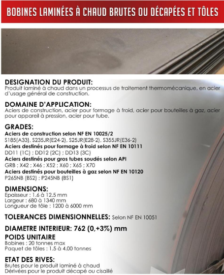 Produit laminé à chaud dans un processus de traitement thermomécanique, en acier d'usage général de construction. Domaine d'application : Aciers de construction, acier pour formage à froid, acier pour bouteilles à gaz, acier pour appareil à pression, acier pour tube. Dimensions: Epaisseur: 1.6 à 12.5 mm Largeur: 650 à 1340 mm Longueur de tôle: 1200 à 6000 mm
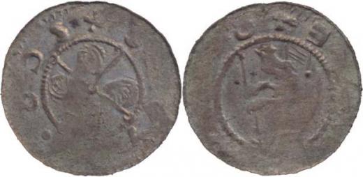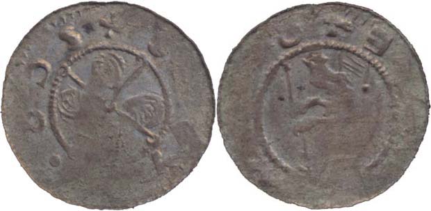 Denár, 4 hlavičky z profilu / sedící postava zleva drží kříž jako Šm.490, jako Ca.514_ned. starý podložní štítek V.Klímy RR!
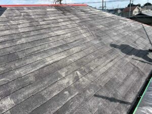 現地で確認させていただくと、ご使用されていたスレート屋根の色あせが進んでおり、防水性能も低下している状態でした。

**Activity**
Everything in the data except the pictures should be restated word for word.

**Answer to the exercise**
 Produit laminé à chaud dans un processus de traitement thermomécanique, en acier d'usage général de construction. Domaine d'application : Aciers de construction, acier pour formage à froid, acier pour bouteilles à gaz, acier pour appareil à pression, acier pour tube. Dimensions: Epaisseur: 1.6 à 12.5 mm Largeur: 650 à 1340 mm Longueur de tôle: 1200 à 6000 mm
 Denár, 4 hlavičky z profilu / sedící postava zleva drží kříž jako Šm.490, jako Ca.514_ned. starý podložní štítek V.Klímy RR!
 現地で確認させていただくと、ご使用されていたスレート屋根の色あせが進んでおり、防水性能も低下している状態でした。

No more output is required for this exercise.